Yeah ants. What is it about them…you know the whole march-in-a straight line deal??
Come on…I know you have all been jobless enough some day or the other when you have been twiddling your jobless thumbs checking them out…wondering where they were going…what they were doing…which leg goes after which….ok ok maybe not THAT jobless but still …you get my point.
Now if you have looked at them closely enough (without having the twiddling thumbs distract you), you might have noticed the way they have themselves beamed right into the ant in front’s ass.

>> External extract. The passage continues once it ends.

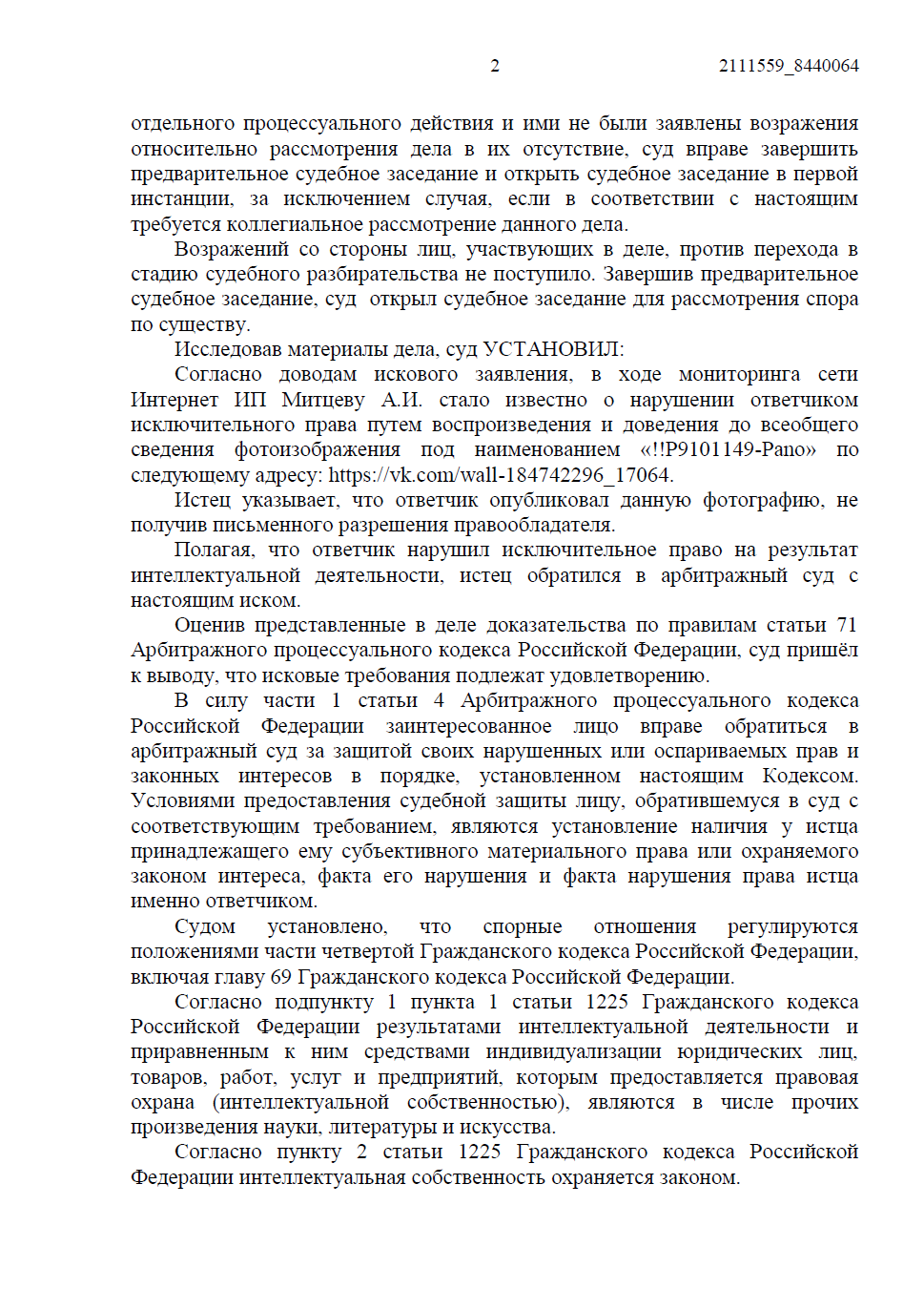 Защитить исключительные права автора на фотографическое произведение и взыскать компенсацию за его незаконное использование муниципальным учреждением в социальной сети «ВКонтакте» без согласия автора и указания источника заимствования.

Now if you’re not getting that visual conjured up clearly enough in your little heads …here’s a supporting visual…

Yeah …beam me in Scottie…right into your ass. They seem to use their antennae for that!
The way they’re sticking in line…its as if they have rules…but come on…why do they stay in line???? They can go ANYWHERE they like!! Anywhere!

Not like us…Andheri local ke ticket ke liye kripya katar mein rahein!
McDonald’s I’m-trying-to-be-so-helpful-an- happy Waiter: Madam, I’ll take your order but please get in queue.

I mean they don’t even have driving lanes and lane discipline like us humans…they can go ANYWHERE they want. But they keep going in line…single file!
Maybe they think about it sometimes…maybe they commune…talk about it…

and then yet just cant muster up the courage to go on without sniffing at the next one’s ass…so they are right back at it. In line!
Ant1 (also winner of the debate) saying to Ant 2: "Trust me we're gonna need the numbers when the ant eater shows up!"

It annoys me sometimes you know. Like maybe just once….just once I would like to see one brave crazy, irrational one go…”Hey, chuck this, I’m going THAT way!” and then scurry right off in some random other direction…on its own!

N then this happens to it…
Which is when its probably thinking …”oh crap…if only I had stayed in line!”